Обитаемый феодальный замок! Нигде, кроме Венгрии, такого, пожалуй, уже больше не встретишь.
Торопливо прохожу с переводчиком по дамбе, обстреливаемой немецкой артиллерией. На пруду, покрытом ослепительно чистым снегом с лиловыми тенями леса, чернеют круглые проруби.
В конце дамбы притаилась среди елей часовня — ажурно-легкая, вся устремленная ввысь. А внутри нее тяжелые дубовые скамьи, мраморные колонны, урны, аляповатые распятия и ангелы, толстые свечи и вазы с искусственными розами. Часовня призвана как будто создавать у посетителей молитвенно-почтительное настроение перед входом в замок. За ней — аллея вдоль стены темножелтого, с виду монастырского, здания. Стена глухая, только на уровне верхушек деревьев видны узкие окна второго этажа.
Столетние дубы переплетаются с липами, глухо шуршащими неопавшими листьями. Серебрится ольха. Буки словно дымятся в красноватом цвету — Столько еще на них красно-бурых свернувшихся в трубочку листьев. Повсюду засохшие деревья, заросли кустарника. Непонятно: что это — лес, слегка разделанный под парк, или парк так одичал. У ворот два каменных монаха в длинных сутанах с капюшонами. В орбиты их глаз набился снег. У одного в руке макет собора, у другого — развернутый свиток молитвы. Барельеф над аркой — геральдический щит на фоне трех гор, увенчанный двойным крестом и короной в венке из листьев — видимо, фамильный герб владельцев замка.
Зато во дворе — вовсе не по-средневековому, а как в английском саду. Высокая самша ровно подстрижена и кажется зеленовато-коричневой стенкой, а подрезанные елки похожи на пирамидки, основанием лежащие на земле, и ни одна не выходит из строя аллеи.
По сторонам одноэтажные каменные домики. Они совершенно одинаковы, но у каждого свой особый лепной герб над входом. Щит на круглом знамени с кистями. Крылатый лев с клювом вместо пасти и с кривым мечом в лапах. Волк с козьей головой, украшенной короной. На гербе с башенными зубцами и крестом латинская надпись:
«О, вы все, проходящие через жизнь, смотрите на мое горе и утешайтесь в своем. Эстерхази Имре, MDCCLVI» [8].

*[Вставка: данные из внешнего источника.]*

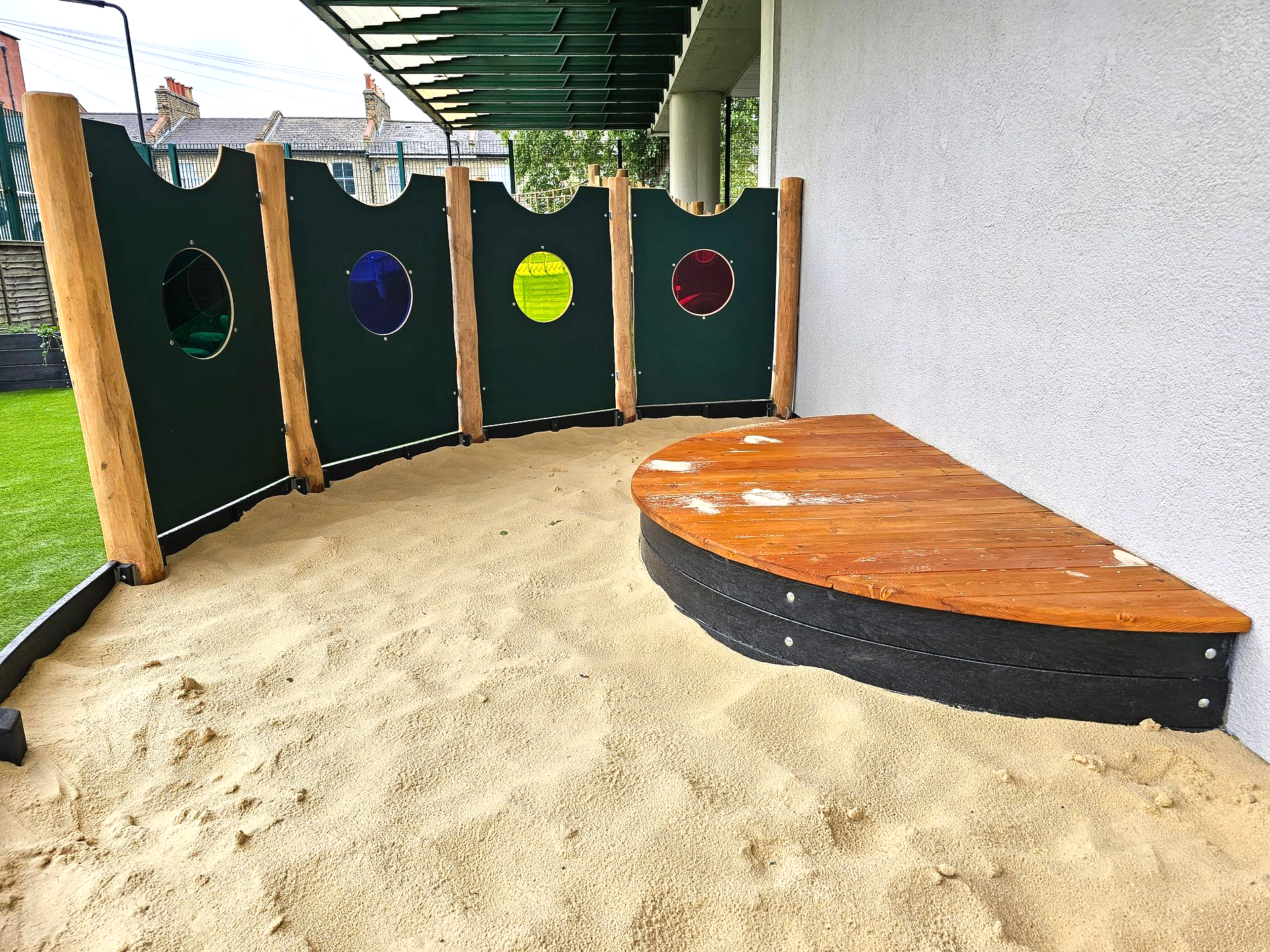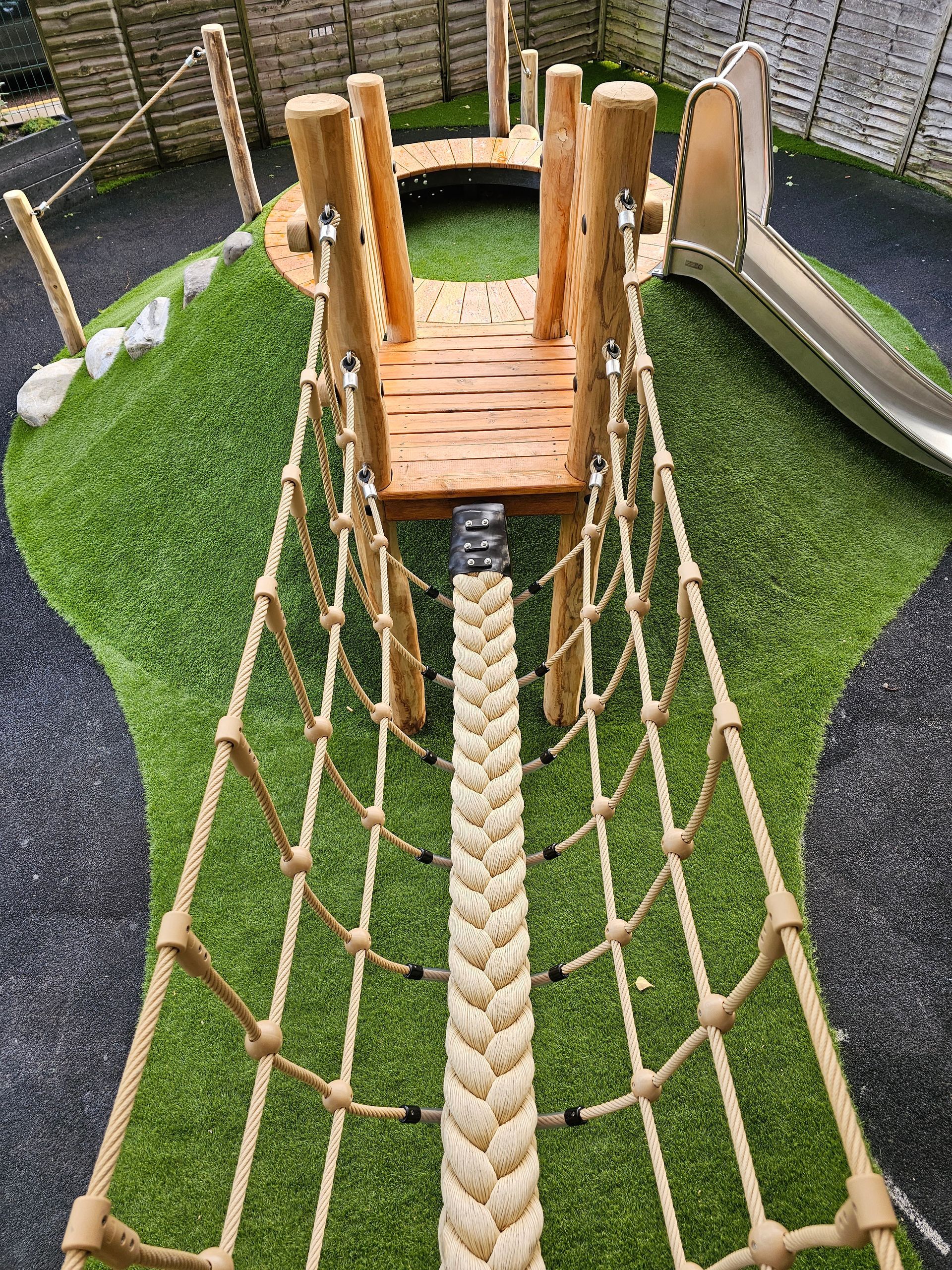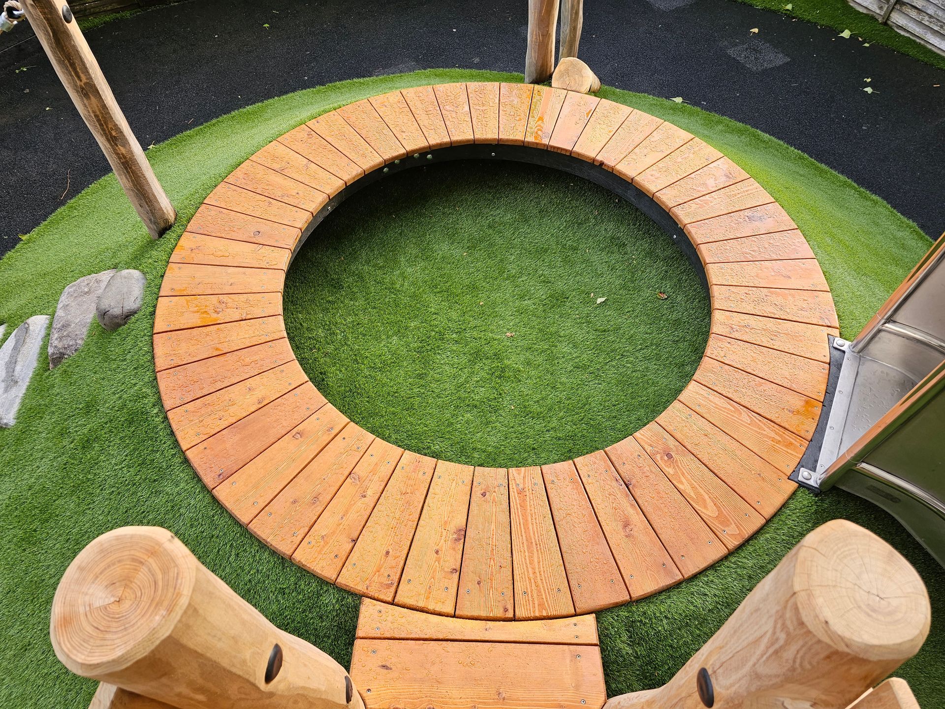This space was designed for 0-5 year olds – combining challenging physical play elements with contrasting areas for quieter forms of play. Twin play mounds include a rope bridge, crawl tunnel, sunken volcano crater rim, embankment slide & rock steps - surrounded by a figure-8 bike track. Other features include a sheltered area for sand play (incl. windbreak panels), raised sensory planting, curved seating, play kitchen, new turf & bonded-rubber surfacing - plus open areas for setting up temporary play equipment. And we have recently added a bespoke play hut with a surrounding wooden deck
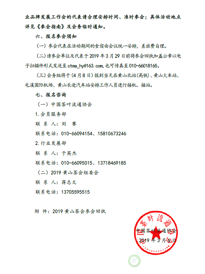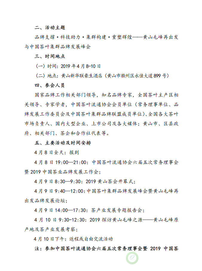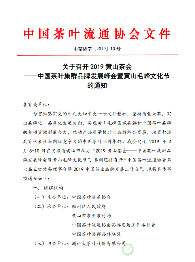 关于召开2019黄山茶会 ——中国茶叶集群品牌发展峰会暨黄山毛峰文化节的通知
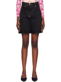 Non-stretch denim midi skort. Fading throughout. · Belt loops · Five-pocket styling · Zip-fly · Logo patch at back waistband · Logo-engraved silver-tone hardware · Contrast stitching in tan Supplier color: Dark blue 100% cotton. Made in South Korea 242252F088010

В домиках пусто. Их обитатели, наверно, нашли себе утешение где-то в другом месте.
Посреди двора стоит, густо увитая плюшем, та самая башня, которая видна издали. Крутой винтовой лесенкой, сначала каменной, потом деревянной, поднимаюсь под черепичную крышу на колокольню и здесь встречаю командира стрелкового полка подполковника Пузыревского. Он сидит в мягком кресле у слухового окна и в стереотрубу наблюдает за немецкими позициями по ту сторону заросшей камышом речки и за селом Кернье.
— Странно! — говорит он, вставая. — Как ночь, так у них шум. А днем ничего не увидишь. И этот замок мне кажется весьма подозрительным. Вчера капитан Юзбашев случайно нашел кодированную карту с клетками и шесть радиоприемников. А сегодня наш агитатор Борода обнаружил еще один приемник, очень занятный. Работает без антенны. Кстати, у вас есть переводчик? Необходимо поговорить с хозяйкой. Непонятно мне, что здесь за люди…
Спускаемся с башни. Проходим заполненный обозом меньший двор, образуемый крыльями здания, построенного по форме широкой буквы П. Стены покрыты плющем, словно зелеными обоями. Над главным входом свисают большие оленьи рога, под ними надпись на бронзе:
«Императорский олень. Эрцгерцог Иозеф».
Из низкого сводчатого вестибюля, густо увешанного по стенам оленьими рогами и гравюрами на охотничьи сюжеты, отходят коридоры.
Слева часовой, там штаб полка. Сворачиваем вправо. В коридоре и вовсе не видно стен из-за массы рогов и кабаньих клыков. На дубовых полированных щитках выгравированы имена охотников, указаны места и время охоты, вес добычи. Под чучелом кабаньей головы стоит:
«7.5.1880, Эстерхази Николаус, ревир Чаква́р, 115 кг.»
Последние даты — ноябрь 1944 года.
Пузыревский негромко стучит в крайнюю дверь с надписью:
«Вход без разрешения строго воспрещен. Комендант штаба старший лейтенант Ширишорин».
Щелкает ключ. Дверь открывает высокая, худощавая женщина с проседью в черных волосах, гладко зачесанных и собранных на затылке в пучок, со спокойными, чуть настороженными светлосерыми глазами.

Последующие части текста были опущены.